- Origin: Providence, Rhode Island
- Genres: Experimental

= Mudboy =

Mudboy ( Raphael Lyon) is an American experimental musician and artist from Providence, Rhode Island.

== Career ==
Mudboy began recording experimental noise and electronic organ music in 2000 while a resident of Fort Thunder and continues to do so today. Over twenty albums have been released on a variety of labels since then. His compositions have been related to early minimalists such as Terry Riley, though he has identified dub music as an important influence in interviews.

As an installation artist, Mudboy builds mysterious landscapes that hearken back to the ambient noise-filled landscapes which fill his music. A residency at the art and book store in Los Angeles "Family" produced "a large-scale, touch-sensitive, dark-activated, 3-dimensional, 6-oscillator spellcasting diorama and crystal cave. This installation is a meditation on the potential of fractal topography, fungal biota, and the productive necessity of decay." Other installations in Baltimore, Chicago, and Providence also use darkness, micro LED lights, kaleidoscopic mirrors, fog machines and organic cardboard creations to create illusions. He is represented by The Mountain Fold Gallery in New York City.
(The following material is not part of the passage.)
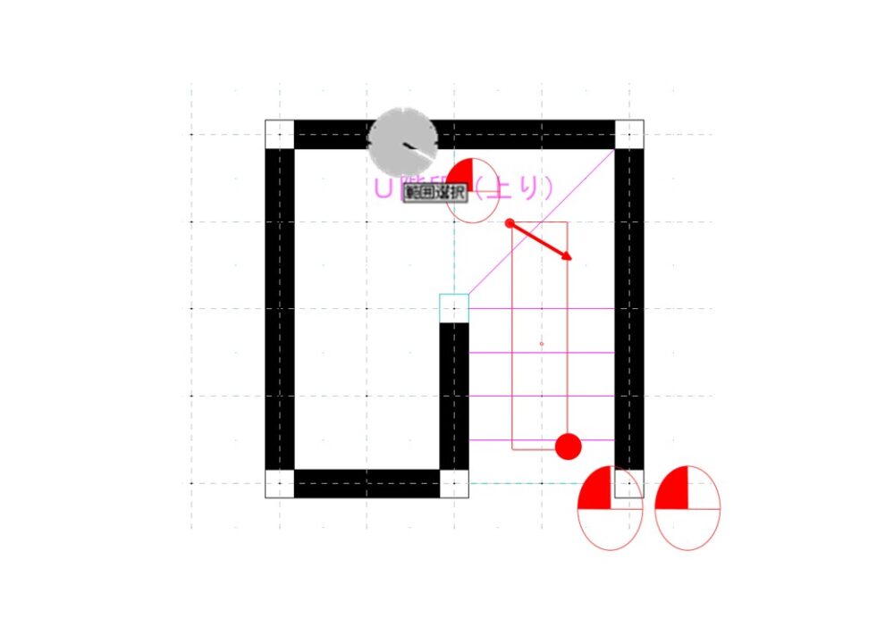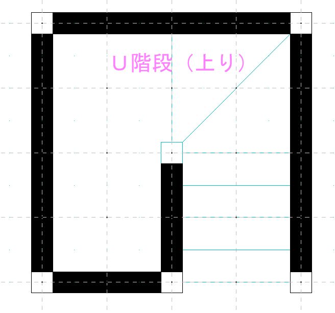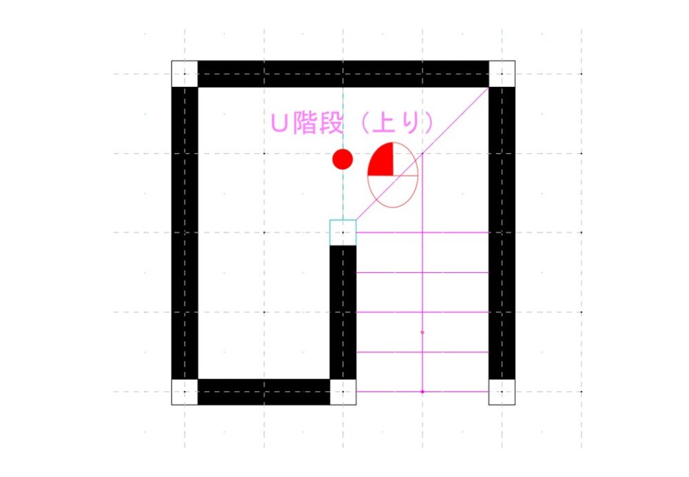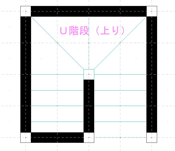 階段の片側(センターラインまで)を通常通り作図します。
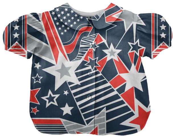 Sweet and simple button up kids blouse with peter pan collar and puff sleeves.

The following is an excerpt from his artist statement: "My own intellectual affinity is with a time when the role of the artist, the priest and the doctor were not separated by contemporary conventions of specialization. Indeed, the operative metaphor for my work is derived from occult histories of magic and spellcasting, and from variations on the shamanic tradition. I lean heavily on the theoretical writings of authors like Ursula Le Guin and Philip K. Dick, both of whom argue that the production of "fantasy" and "miracle" is a critical, anti-fascist, and ultimately utopian occupation. It is wonder then, that I use my work to create"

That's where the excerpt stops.